Germana                       - C'è da lei Roberti.

La signora Maretti        - Che roba!

Germana                       - Con la .salute che ha, non potrà soppor­tare un parto.

La signora Maretti        - (al di sopra della ringhiera, chia­mando) Vieni, Costanzo. (Va a battere alla porta dei Lescalli) Ho da parlarvi, signor Lescalli. (Scompare dal fondo del pianerottolo. La si sente battere ad altra porta).

Il signor Maretti            - (dal quinto piano, brontolando) Cosa c'è? Brucia la casa? (Lo si sente chiudere la porta al quinto piano e salire con fatica le scale).

Massimo                        - (uscendo dalla sua camera e andando verso la signora Moretti) Cosa succede, signora Maretti? (Giovanna appare dal fondo del pianerottolo. Il signor Maretti appare dall’alto della scoia).

Il signor Maretti            - Cosa succede? Un soviet? Un pronunciamento di inquilini?

La signora Maretti        - Esatto!

Il signor Maretti            - Ci si può sedere? (Siede sull’ultimo scalino).

La signora Maretti        - (a tutti) Ascoltatemi! Sapete tutti ,che cosa capita. (Segno con la testa nella direzione della casa di Edvige) Personalmente io sono seccatissima per questa faccenda. Io non ammetto che dei miei inqui­lini facciano robe idi questo genere. D'altra parte, quello che è fatto è fatto. La piccola se la caverà come potrà. C'è una cosa, tuttavia, alla quale tengo moltissimo, e alla quale so che tenete voi pure: una volta che c'è modo di accomodare le faccende, il signor Giuseppe non deve sapere niente. Poveretto!  Sul pianerottolo non c'è nessuno che non gli debba qualche cosa. E' la bontà personificata. (Tutti consentono) Ora, non ostante ciò, signori, fra noi esiste un traditore.

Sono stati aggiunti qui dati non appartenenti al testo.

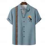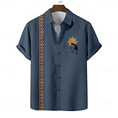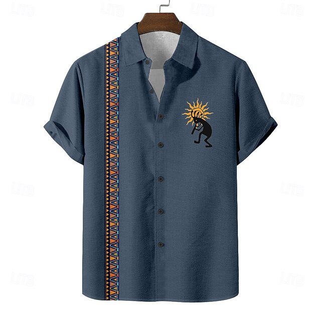 More information about Men's Geometric Ethnic Kokopelli Shirt Summer Shirt Button Up Shirt Short Sleeve Vintage Retro Holiday Casual Daily Summer Spring Turndown 3D Print Linen Like Shirt Blue Green Khaki Dark Blue
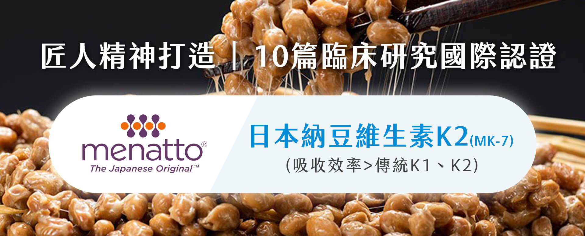 納豆中的維生素K2(MK-7型)有助於提高鈣的吸收效率。menatto™是來自日本的專利發酵工藝大廠,擁專利發酵製程且全生產階段皆可追溯,品質穩定有保障。以日本非基改納豆為原料,從原料製造到出貨都受到嚴格的控管,並具有生物利用度等臨床試驗支持。
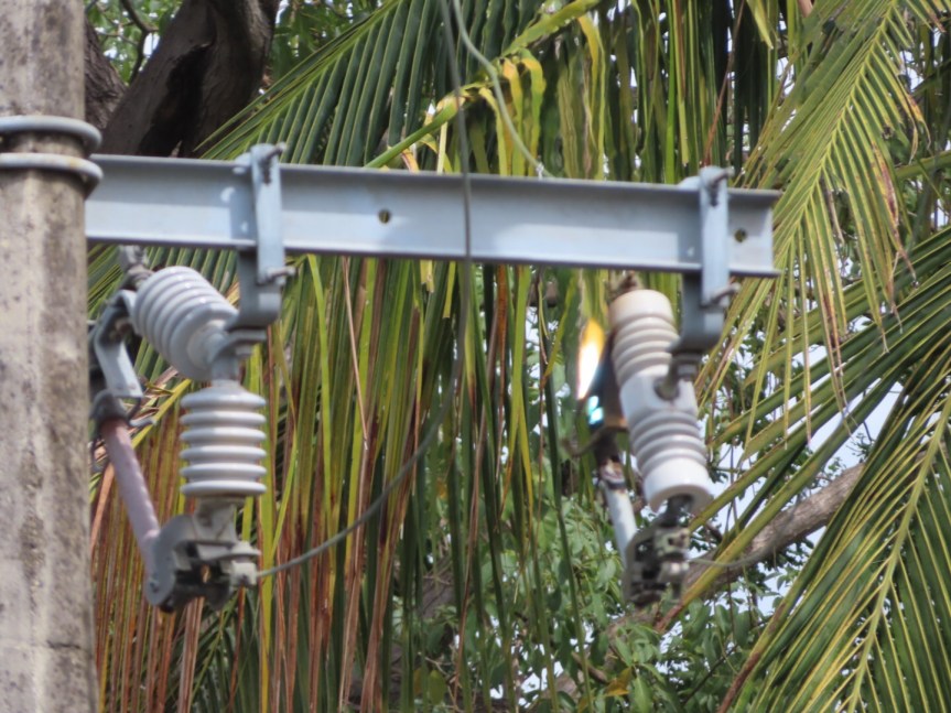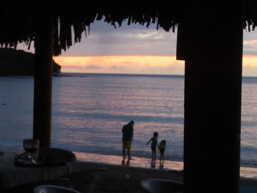 After breakfast, we took a walk out to the point to have a look at the baby waves reeling down the rocks. As we wandered the cobblestones in that direction we heard the sizzling sparking of bad electricity. We looked up and a transformer on the line was throwing flames and frying the wires. The town was pretty quiet otherwise and the few people that were out sat mostly on porches or benches in relaxed conversation. Except for the guy across from the square with karaoke machine and an eleven a.m. buzz who was crooning the latest Latin hits.
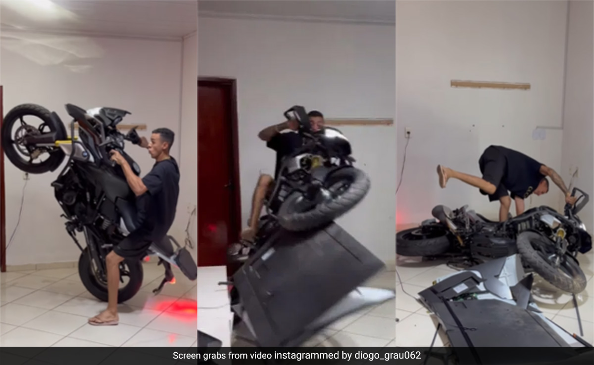 Shocking Stunt Video: आजकल के युवाओं में स्टंट को लेकर एक अलग ही क्रेज देखते ही बनता है. यूं तो सोशल मीडिया पर रोजना कई तरह के स्टंटबाज अपनी कलाबाजी दिखाते नजर आते हैं, जिनमें कुछ अपने हैरतअंगेज स्टंटबाजी से लोगों को चौंका देते हैं, तो कुछ हंसा-हंसाकर लोटपोट कर देते हैं. हाल ही में एक ऐसा ही वीडियो इंटरनेट पर छाया हुआ है, जिसमें एक शख्स घर के अंदर बाइक से स्टंट करता नजर आ रहा है, लेकिन अगले ही पल उसके साथ जो होता है, उसकी शायद उसने सपने में भी कल्पना नहीं की होगी.
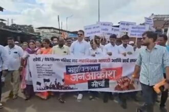 मोर्चा खेर्डी महावितरण कार्यालया समोर येताच पुन्हा जोरदार घोषणाबाजी करण्यात आली.तसेच महाविकास आघाडीच्या शिष्टमंडळाने महावितरण अधिकाऱ्यांची भेट घेऊन आपल्या मागण्याचे निवेदन देत प्रीपेड मीटरला तीव्र विरोध दर्शवला.यापुढे एकही प्रीपेड मीटर बसवता कामा नये,तसेच जे प्रीपेड मीटर जबरदस्तीने लावण्यात आले आहेत ते तात्काळ काढण्यात यावेत,कोणत्याही ठिकाणी जबरदस्ती करून आणि बंद असलेल्या घरांना मीटर बसवले गेले तर महाविकास आघाडी ते सहन करणार नाही.असा स्पष्ट इशाराच यावेळी देण्यात आला.

Tutti                              - (l'uno dopo l'altro) Un traditore?

La signora Maretti ---- - Sì, un traditore e un porco. Ce qualcuno che ha scritto al signor Giuseppe una let­tera anonima. Ecco la lettera. E' arrivata con la posta del mezzogiorno. Fu impostata questa mattina. Mi è parsa una lettera sospetta. L’ho aperta.

 

Il signor Maretti            - Tu hai fatto questo? Ma è roba da matti! Corri rischi gravissimi.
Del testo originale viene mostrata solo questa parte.